Please ensure your genomes are soft-masked with RepeatMasker. We do some basic masking as a preprocessing step to ensure highly repetitive elements are masked when repeat libraries are incomplete, but genomes that aren't properly masked can still take tens of times longer to align that those that are masked. Hard-masking (totally replacing repeats with stretches of Ns) isn't necessary, and is strongly discouraged (you will miss a lot of alignments!).

Example:

  # Sequence data for progressive alignment of 4 genomes
  # human, chimp and gorilla are flagged as good assemblies.
  # since orang isn't, it will not be used as an outgroup species.
 (((human:0.006,chimp:0.006667):0.0022,gorilla:0.008825):0.0096,orang:0.01831);
 *human /data/genomes/human/human.fa
 *chimp /data/genomes/chimp/
 *gorilla /data/genomes/gorilla/gorilla.fa
 orang /cluster/home/data/orang/

Running locally

There isn't much to configure if running locally. Most importantly, if on a shared system, you can adjust the maximum number of processors used with --maxCores <N> (by default, Cactus will use all cores).

Running on a cluster

Cactus (through Toil) supports many batch systems, including LSF, SLURM, GridEngine, Parasol, and Torque. To run on a cluster, simply add --batchSystem <batchSystem>, e.g. --batchSystem gridEngine. If your batch system needs additional configuration, Toil exposes some environment variables that can help.

Running on the cloud

Cactus supports running on AWS, Azure, and Google Cloud Platform using Toil's autoscaling features. For more details on running in AWS, check out these instructions (other clouds are similar).

Using the output

Cactus outputs its alignments in the HAL format. This format represents the alignment in a reference-free, indexed way, but isn't readable by many tools. To export a MAF (which by its nature is usually reference-based), you can use the hal2maf tool to export the alignment from any particular genome: hal2maf <hal> --refGenome <reference> <maf>.

You can use the alignment to generate gene annotatations for your assemblies, using the Comparative Annotation Toolkit.

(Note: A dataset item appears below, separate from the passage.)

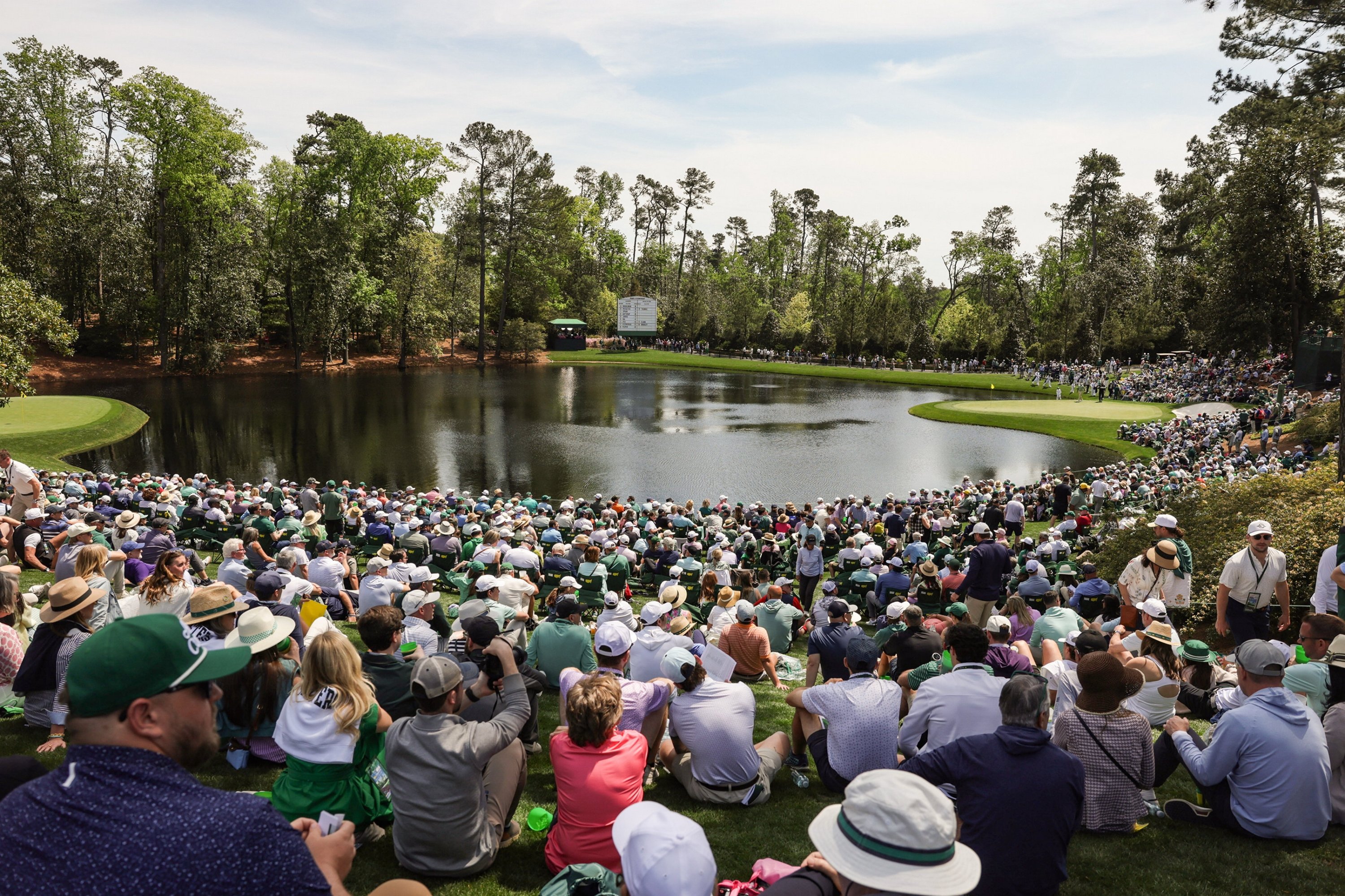 Patrons gather at the lake near the ninth hole during the Par 3 Contest during the 2026 Masters Tournament at the Augusta National Golf Club, Augusta, U.S., April 8, 2026. (EPA Photo)
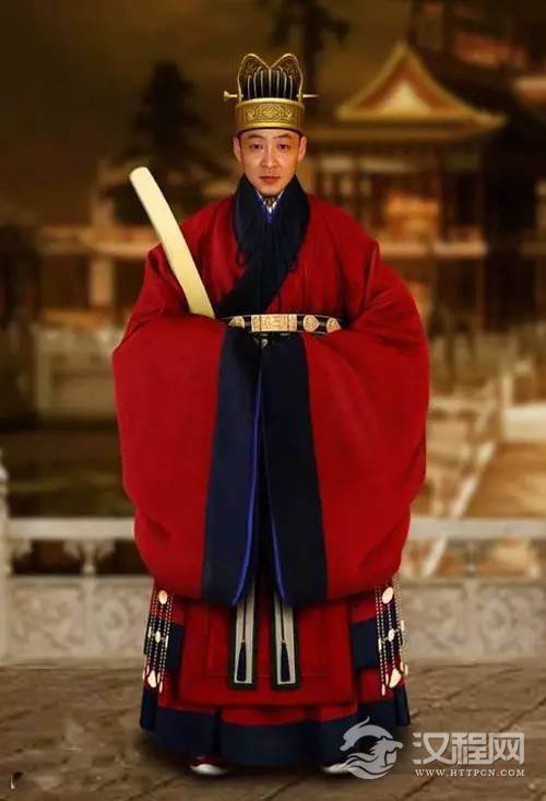 文武百官在祭天地、庆礼、正旦冬至等重大场合穿着的服装,头上戴梁冠,着赤罗裳,青缘青饰,以冠上的梁数区别官品等级,饰物以玉为贵。

Frequently Asked Questions

Q: I'm running under macOS using the Docker functionality and get an error from Docker: docker: Error response from daemon: Mounts denied: [...]

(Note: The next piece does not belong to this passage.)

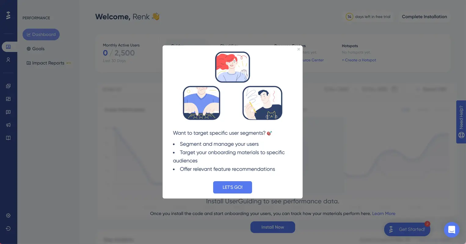 This modal uses engaging visuals to captivate users and explains what users can achieve by making use of segmentation through UserGuiding in short and simple bullet points.
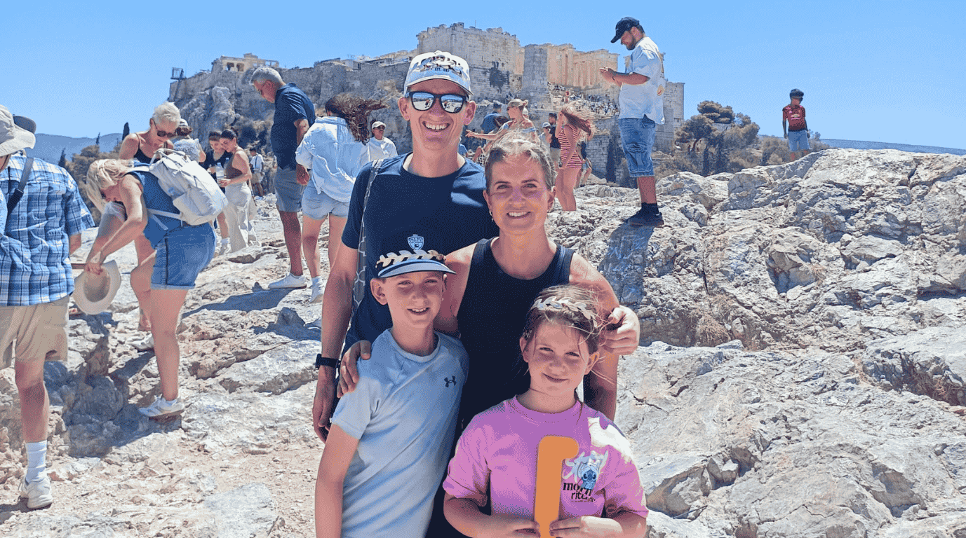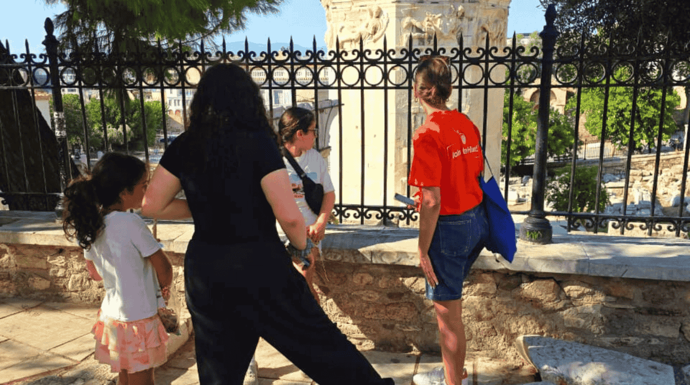 Find your facilitator near the Αrch. They will be wearing a blue t-shirt with the Goddess Athena or God Poseidon printed on it, making them easy to spot.

A: Go to your Docker preferences. In the "File Sharing" tab, double-click the last entry ("/path/to/exported/directory") and type in /var/folders. (Don't use the + button, it won't work because it resolves symlinks before adding).

The reason you have to do this is that the Docker VM requires explicitly listing the directories that can be bind-mounted. The default temp directory on macOS (/var/folders/...) is symlinked to a directory that is already listed as bind-mountable, but Docker checks the listing before resolving the symlink, returning an error.